Wyndham Street is dominated by cookie-cutter bars and clone-like clubs. I have never understood The Hordes of Wyndham or the reason for fighting through a sardine-packed bar that looks like a thousand others, so the prospect of originality baked my noodle.
In Bisous, there is such promise – at least in theory. Its muse is old Hollywood glamour, stage performance and the tongue-in-cheek style of burlesque, celebrating the early-to-mid 1900s. There’s nothing quite like it anywhere else in town so we were eager to experience what it had to offer.
There are three performances a night from Tuesday to Saturday, each lasting 10 minutes with an hour’s break in between. But don’t expect the performances to be Bisous’ heart and soul. It merely takes the theme of old-world glamour and burlesque, but not the spirit. At its core, Bisous is a club. The stage does not define it. Rather, it is simply one of the attractions.
That said, there is something about Bisous. We found a touch of magic on our first visit there (less so, the second time). It was a quiet Wednesday evening, just before dinner, and we were among the club’s few customers. This was when we most enjoyed Bisous and its charms. Dancers came in chatting gaily to survey the stage and it felt like the build-up to a memorable evening of theatre. Seated in plush U-shaped sofas, we looked across the central island bar at black-and-white portraits of burlesque dancers from a bygone era. The room was bathed in golden light, a curious warm glow as if Bisous was lit directly from the 1940s.

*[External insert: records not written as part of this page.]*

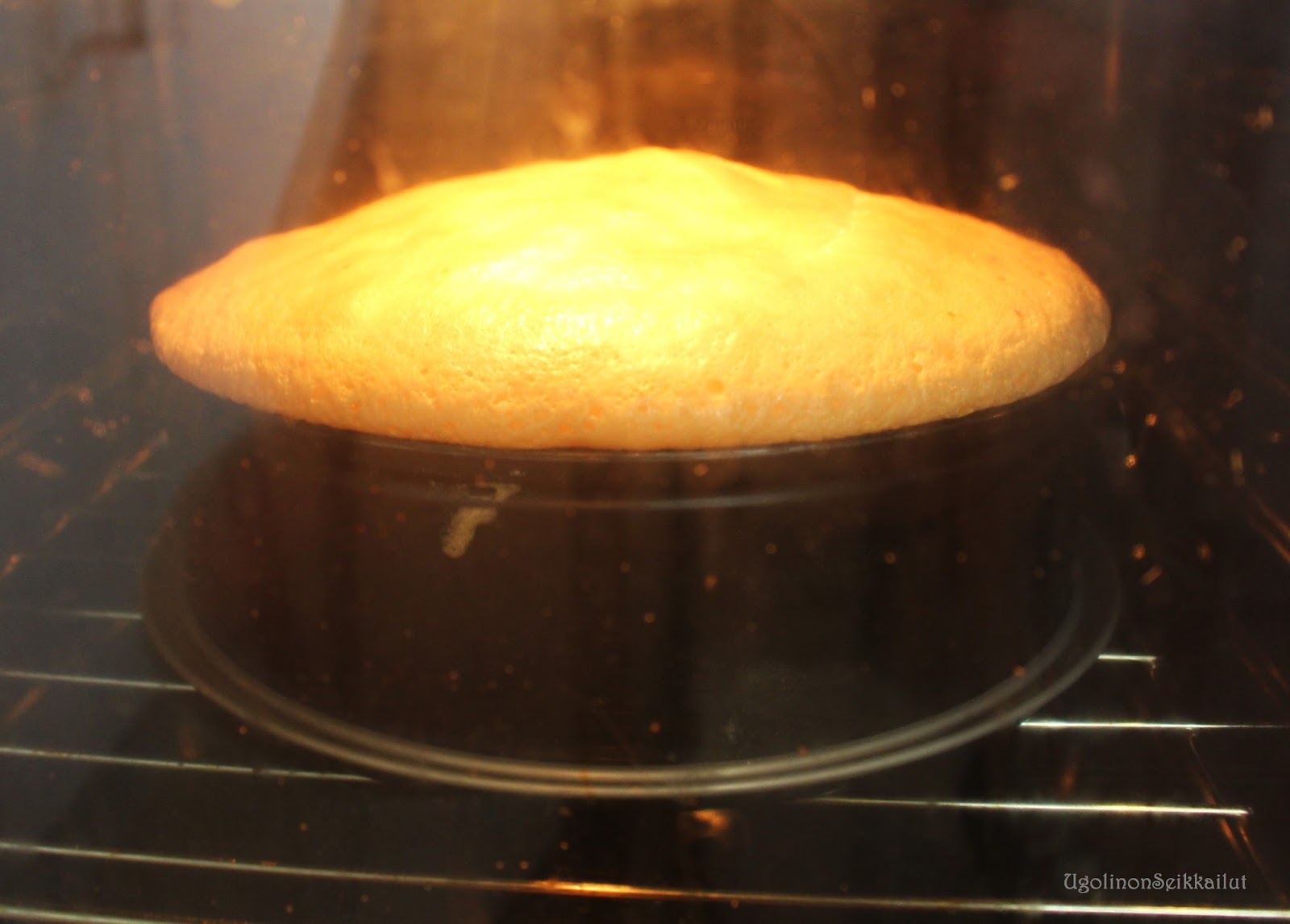Älä avaa uunia liian aikasin ja nopeasti sillä pehmeä kakkupohja lässähtää samantien.
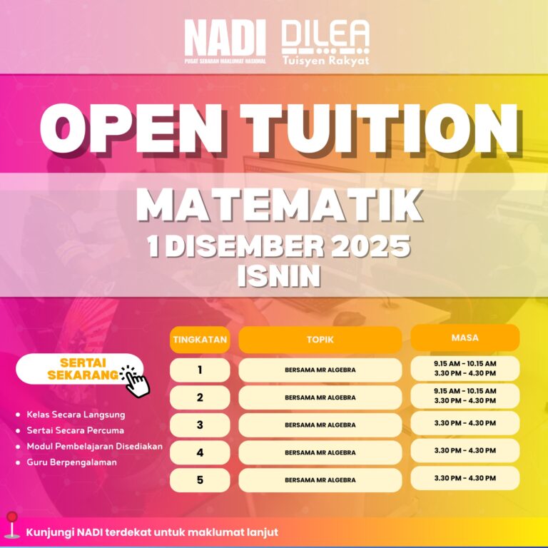 Aktiviti NADI Sepanjang Bulan Disember 2025 Jom sertai pelbagai program menarik anjuran NADI 4U sepanjang bulan Disember ini! Kelas ICT & e-Learning Aktiviti STEM & IoT yang menyeronokkan Bengkel Soft Skills & Keusahawanan Program Kesihatan & Komuniti Tingkatkan kemahiran, tambah […]
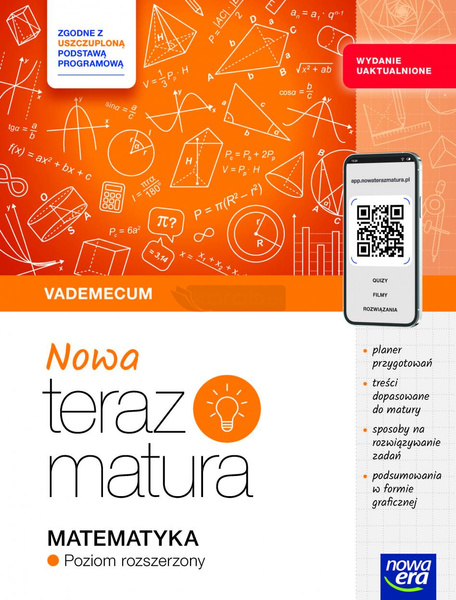 To uaktualnione vademecum z serii NOWA Teraz matura będzie przydatne dla wszystkich uczniów przygotowujących się do matury z matematyki na poziomie rozszerzonym. Pomoże skutecznie uporządkować wiedzę, przećwiczyć różne typy zadań i przygotować się do egzaminu z matematyki 2026 zgodnie z najnowszymi wymaganiami CKE i uszczuploną podstawą programową.
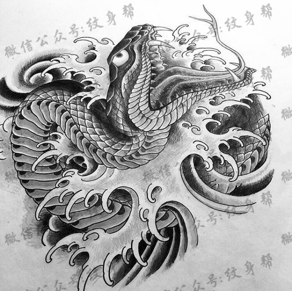 一组满背大气九龙拉棺纹身图案作品和手稿
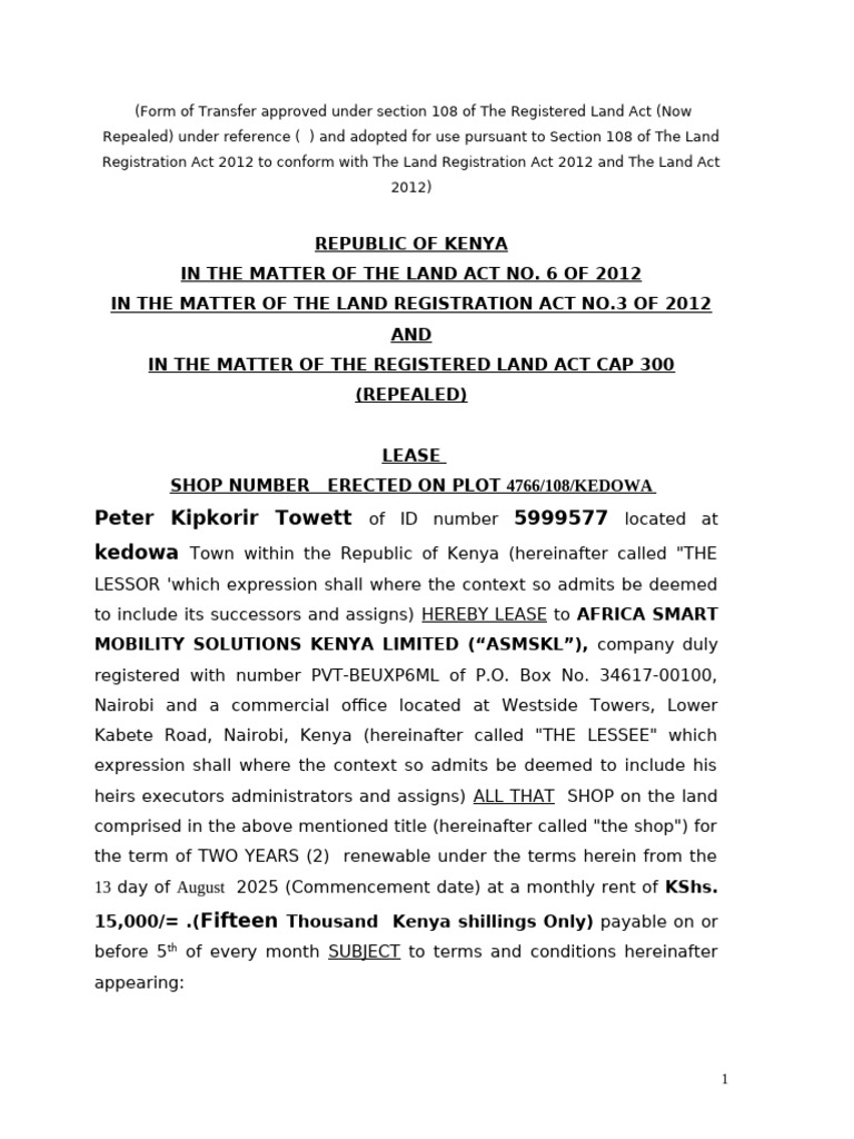 Kabete Road, Nairobi, Kenya (hereinafter called "THE LESSEE" which
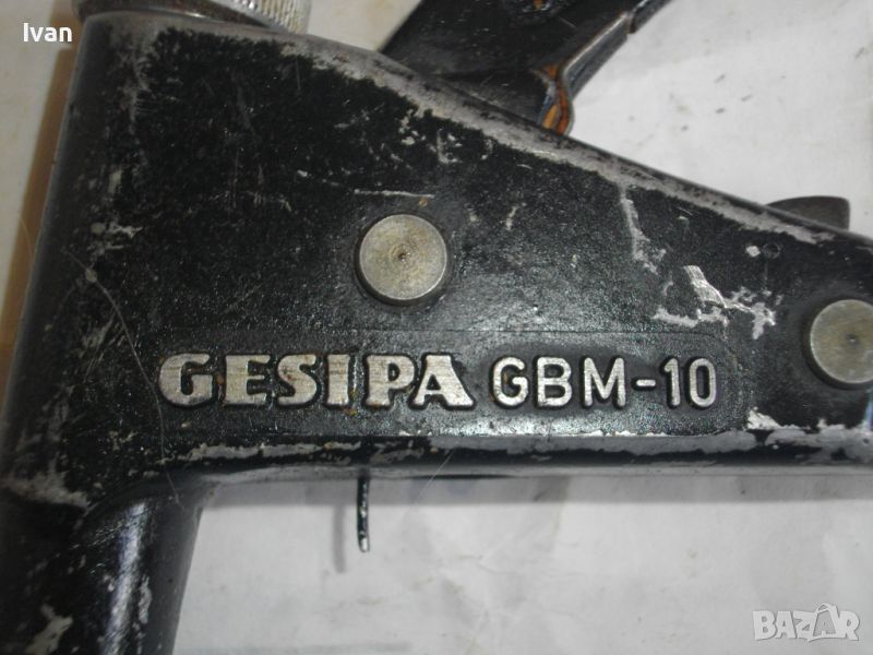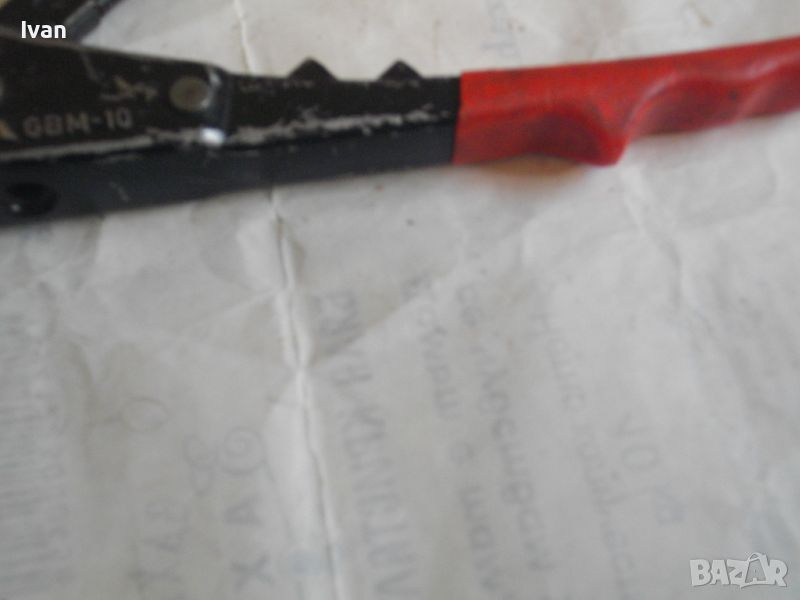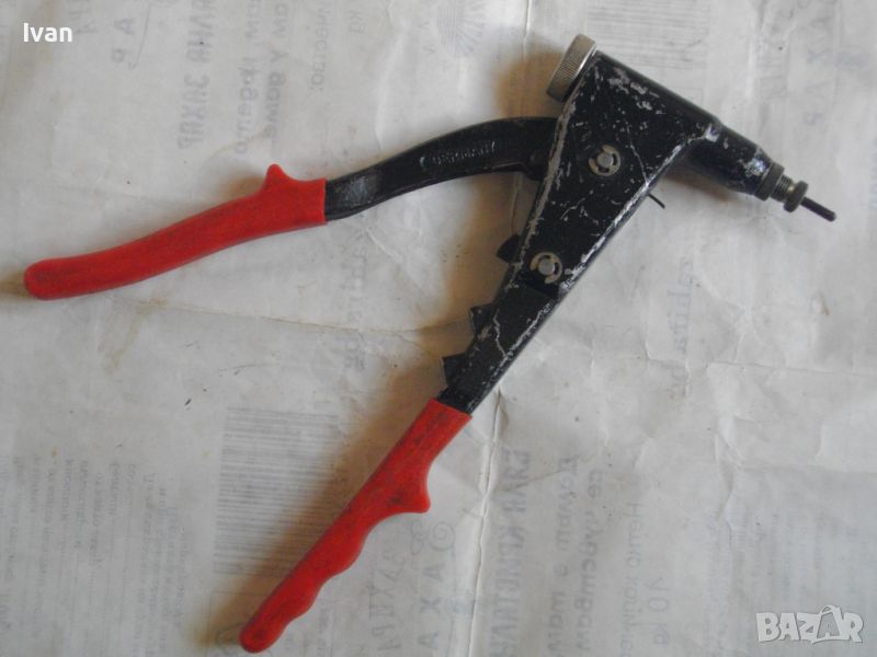 ОПИСАНИЕ на ръчна нитачка за нит гайки 4-6 мм GESIPA - цена 99 лв. Марка и модел - GESIPA GBM-10. Производство - оригиналното немско - Made in GERMANY. Визуален запазен външен вид. Нитачката е със ЗАБЕЛЕЖКА по техническото си работно състояние. ГлАвата отпред е налична, нитачката работи, но липсва реглажа/регулацията за размер на нит гайка 4-6 мм. Липсващата част е на предната дръжка - алуминиев върток, който липсва /отвил се е и е изпаднал. Механизма под липсващият върток е наличен и стой на нитачката. Ниската цена на нитачката 99 лв е съобразена със забележката. Нова нитачка от модела в БГ се предлага в ценови диапазон средно около 190-200 лв. Дължина на инструмента - 250 мм. Алуминиева глава ,алуминиево тяло на инструмента, гумирани нехлъзгащи се покрития на дръжките.

We returned the next evening, after dinner, eager to see Bisous in full swing. Disappointingly, the magic was dormant. It felt a little like any of the other Wyndham clubs we were all too familiar with. Hip-hop was blasting through the packed crowd; models with blank faces were passing out flyers. The golden light and old-world ambience were gone. Somehow, those lovely ladies on the wall no longer looked ageless. They now looked out of place and out of time.
The club’s service and drinks need ironing out, but that’s to be expected for a new business. There is no kitchen and the cocktail list is full of familiar favourites. On our first visit, the Pimm’s Cup ($98) was watery. The Dark and Stormy ($98), made with dark rum, ginger ale and fresh lime, lacked balance and, most importantly, the fresh lime. We reordered it again the next evening and the head barman made amends beautifully with a perfect cocktail. Expect much more in this department as they assemble a proper list of Bisous signature cocktails – so stay tuned.
To be fair, none of this is a knock on Bisous. After all, the owners didn’t promise an authentic burlesque club, they were simply influenced by the idea. They wanted a classy lounge that would morph into a club, the occasional quality live performance, all inspired but not driven by vintage Hollywood glamour. The house of Bisous is exactly that. Jason Spotts
9/F, LKF Tower, 33 Wyndham St, Central, 2501 0002; www.bisous.com.hk.